### Dataset content:
____________________

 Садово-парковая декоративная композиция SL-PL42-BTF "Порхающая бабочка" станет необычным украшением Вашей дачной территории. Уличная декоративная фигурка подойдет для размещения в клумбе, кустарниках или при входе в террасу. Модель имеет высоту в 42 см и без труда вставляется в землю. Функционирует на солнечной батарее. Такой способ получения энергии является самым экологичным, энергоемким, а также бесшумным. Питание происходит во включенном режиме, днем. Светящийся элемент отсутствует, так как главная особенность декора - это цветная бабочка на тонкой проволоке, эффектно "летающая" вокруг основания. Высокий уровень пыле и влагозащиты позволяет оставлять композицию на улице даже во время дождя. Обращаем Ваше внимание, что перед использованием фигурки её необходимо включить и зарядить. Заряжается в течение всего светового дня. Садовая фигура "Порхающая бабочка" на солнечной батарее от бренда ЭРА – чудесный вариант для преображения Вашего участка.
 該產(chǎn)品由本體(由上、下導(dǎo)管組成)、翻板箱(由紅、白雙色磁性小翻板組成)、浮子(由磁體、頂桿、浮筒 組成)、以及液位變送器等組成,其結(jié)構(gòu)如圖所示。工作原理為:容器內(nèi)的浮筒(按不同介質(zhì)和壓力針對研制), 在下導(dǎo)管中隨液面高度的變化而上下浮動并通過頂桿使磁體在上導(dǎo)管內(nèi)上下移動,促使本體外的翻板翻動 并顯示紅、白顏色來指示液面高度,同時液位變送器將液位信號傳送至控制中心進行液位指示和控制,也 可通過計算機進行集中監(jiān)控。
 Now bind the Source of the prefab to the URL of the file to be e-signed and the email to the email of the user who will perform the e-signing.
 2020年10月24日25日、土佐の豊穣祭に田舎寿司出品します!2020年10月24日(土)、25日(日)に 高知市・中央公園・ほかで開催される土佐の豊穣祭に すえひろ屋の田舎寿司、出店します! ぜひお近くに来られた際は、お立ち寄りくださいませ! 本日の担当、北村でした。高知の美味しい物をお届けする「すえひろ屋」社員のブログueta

____________________

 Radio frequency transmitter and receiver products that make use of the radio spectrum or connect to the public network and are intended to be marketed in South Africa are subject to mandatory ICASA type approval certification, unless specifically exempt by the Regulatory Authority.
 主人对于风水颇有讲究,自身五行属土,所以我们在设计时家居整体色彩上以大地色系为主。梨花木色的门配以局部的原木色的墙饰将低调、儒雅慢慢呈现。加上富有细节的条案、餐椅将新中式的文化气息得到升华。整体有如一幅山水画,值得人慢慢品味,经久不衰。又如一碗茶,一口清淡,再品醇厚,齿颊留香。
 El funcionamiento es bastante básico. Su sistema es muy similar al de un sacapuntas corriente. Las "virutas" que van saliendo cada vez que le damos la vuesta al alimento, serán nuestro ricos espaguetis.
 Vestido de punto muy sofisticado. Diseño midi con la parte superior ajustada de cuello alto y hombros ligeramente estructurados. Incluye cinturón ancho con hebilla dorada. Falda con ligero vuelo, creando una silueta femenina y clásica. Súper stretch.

____________________

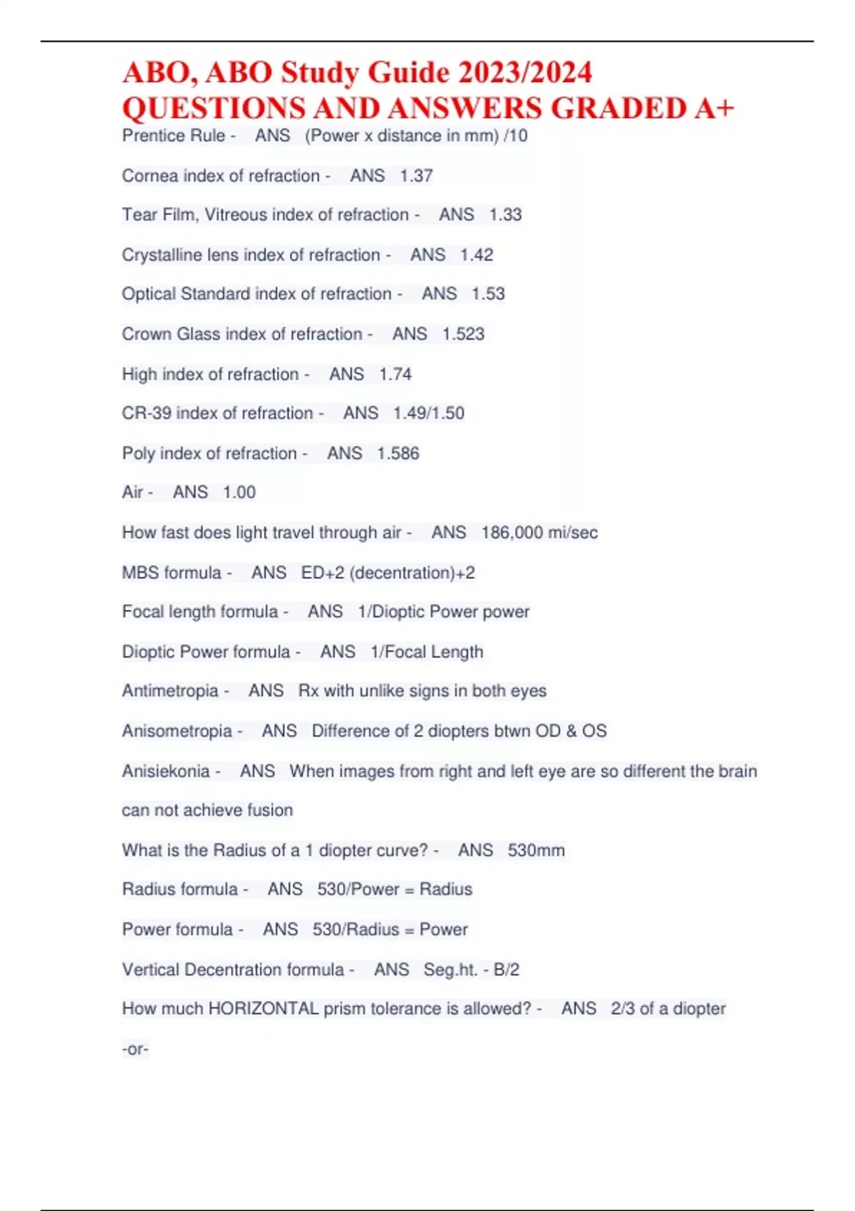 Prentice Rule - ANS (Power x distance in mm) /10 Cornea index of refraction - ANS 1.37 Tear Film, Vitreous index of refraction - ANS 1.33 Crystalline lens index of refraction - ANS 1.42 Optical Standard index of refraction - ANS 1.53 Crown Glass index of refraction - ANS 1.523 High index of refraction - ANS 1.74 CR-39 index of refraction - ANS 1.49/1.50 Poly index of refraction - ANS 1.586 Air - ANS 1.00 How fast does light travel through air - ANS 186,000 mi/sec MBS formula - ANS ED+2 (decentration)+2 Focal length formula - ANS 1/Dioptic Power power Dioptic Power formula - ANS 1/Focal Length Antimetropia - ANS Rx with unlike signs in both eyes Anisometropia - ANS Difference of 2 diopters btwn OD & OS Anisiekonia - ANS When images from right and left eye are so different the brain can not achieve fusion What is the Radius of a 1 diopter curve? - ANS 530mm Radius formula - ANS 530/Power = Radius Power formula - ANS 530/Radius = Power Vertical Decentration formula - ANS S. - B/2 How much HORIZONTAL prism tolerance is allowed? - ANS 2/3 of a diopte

____________________

### Task objective:
What you give back must be the stretch above, starting at the line with "El funcionamiento es" and ending at the line with "Vestido de punto", copied exactly.

### Expected answer:
 El funcionamiento es bastante básico. Su sistema es muy similar al de un sacapuntas corriente. Las "virutas" que van saliendo cada vez que le damos la vuesta al alimento, serán nuestro ricos espaguetis.
 Vestido de punto muy sofisticado. Diseño midi con la parte superior ajustada de cuello alto y hombros ligeramente estructurados. Incluye cinturón ancho con hebilla dorada. Falda con ligero vuelo, creando una silueta femenina y clásica. Súper stretch.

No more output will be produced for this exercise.